- Born: 10 February 1987 (age 39) Karachi, Sindh, Pakistan
- Occupations: Civil rights activist; lawyer;
- Spouse: Mansha Pasha ​(m. 2021)​

= Mohammad Jibran Nasir =

Pakistani civil rights activist and lawyer (born 1987)

Mohammad Jibran Nasir (born 10 February 1987) is a Pakistani lawyer, civil rights activist, and independent politician based in Karachi, Pakistan. He rose to national prominence in December 2014 when he led protests outside Islamabad's Lal Masjid demanding the arrest of cleric Abdul Aziz following the Army Public School massacre in Peshawar. He is founder of NGO Never Forget Pakistan and has contested Pakistani elections in 2013, 2018 and 2024 as an independent candidate from Karachi constituencies.

== Early life and education ==
Nasir was born on 10 February 1987 in Karachi, Pakistan. He completed his O-Levels from Saint Michael's Convent School in Karachi, A-Levels from The Lyceum School in Karachi, and went to the University of London International Programme for Bachelor of Law (LLB Hons.). Later, he completed LLM in International Commercial Law from the University of Northumbria, UK.

== Activism ==
He is a lawyer by profession and is known for criticizing state policies regarding banned organisations in Pakistan and call attention to the need for protection of minorities.

Nasir has been a trustee at Elaj Trust and involved in relief work through Elaj Trust. He founded the NGO, Never Forget Pakistan and is also involved in advocacy for marginalised communities through Pakistan For All.

Nasir became prominent following the December 2014's Peshawar's school attack which led to 150 dead after he led the procession calling for the arrest of Lal Masjid cleric Abdul Aziz, for which he subsequently received alleged threats from Taliban spokesman.

He was noted by Foreign Policy Magazine amongst the three Pakistanis making considerable effort against sectarian violence.

In January 2015, Nasir played a key role in organising a new movement to "Reclaim Pakistan" from violent extremism and played a major role in organising demonstrations carrying playcards and candles. Nasir had been leading protests against terrorism in Pakistan, and was arrested on 5 February 2015 for protesting near the Chief Minister's residence along with other Civil Society activists. Later on the same day, Nasir was released by the Karachi Police. Following his release he addressed protesters gathered and reiterated his 15-day ultimatum to government for taking action against banned organizations.

In 2017, Nasir filed a complaint with Pakistan Electronic Media Regulatory Authority (PEMRA) alleging Aamir Liaquat Hussain in his TV show of running a defamatory and life-threatening campaign against him. Following which PEMRA banned TV show of Aamir Liaquat. Rawalpindi police also registered a case against Aamir Liaquat for threatening the life of Nasir. Amnesty International in a letter to Interior Minister of Pakistan called on the government to take action to protect the lives and rights of activists including of Nasir due to harassment and threats by Aamir Liaquat.

In August 2026, Nasir represented the family of Karachi businessman Mir Raza Ali Khan in proceedings over Ali's death. He challenged changes to the medico-legal board appointed for Ali's exhumation, after which the procedure was postponed and the original board was restored.

==Political career==
Nasir ran for seat of the National Assembly of Pakistan and Provincial Assembly of Sindh as an independent candidate from Constituency NA-250 (Karachi-XII) and Constituency PS-113 (Karachi-XXV) respectively in 2013 Pakistani general election, but was unsuccessful after securing a meager 259 votes for the NA seat. He lost the National Assembly seat to Pakistan Tehreek-e-Insaf's candidate Arif Alvi and Sindh Assembly seat to Samar Ali Khan. NA-250 was described as one of the most hotly contested seats for the National Assembly. After the 2018 delimitation, the NA-250 constituency was renamed NA-247.

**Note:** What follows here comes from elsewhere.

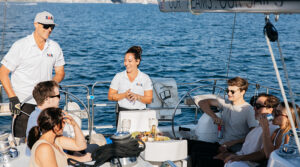 Guests can also choose their level of involvement. “If someone wants to sit back, kick their feet up, and just enjoy the ride, that’s totally fine,” Muir said. “But if you’re curious about sailing, our captains love getting people involved. You can steer, trim the sails, ask a million questions—we’re all for it.”

In June 2018, he announced to contest in 2018 Pakistani general election as an independent candidate, for the seat of the National Assembly from Constituency NA-247 and for the seat of the Provincial Assembly of Sindh from Constituency PS-111. His election campaign was titled "Hum Mein Se Aik". Despite numerous publicity campaigns, he lost elections for both the national and provincial assembly seats by substantial margins.

He ran for the seat of the Provincial Assembly of Sindh from Constituency PS-111 as an independent candidate in by-election held on 21 October 2018, but was unsuccessful.

In the 2024 general election, Nasir contested NA-241 (Karachi South) as an independent candidate and secured 1,027 votes, finishing fourth. He also contested the Sindh Assembly seat PS-110 for the fourth time in 2024, running on a platform focused on access, accountability, and justice for the constituency.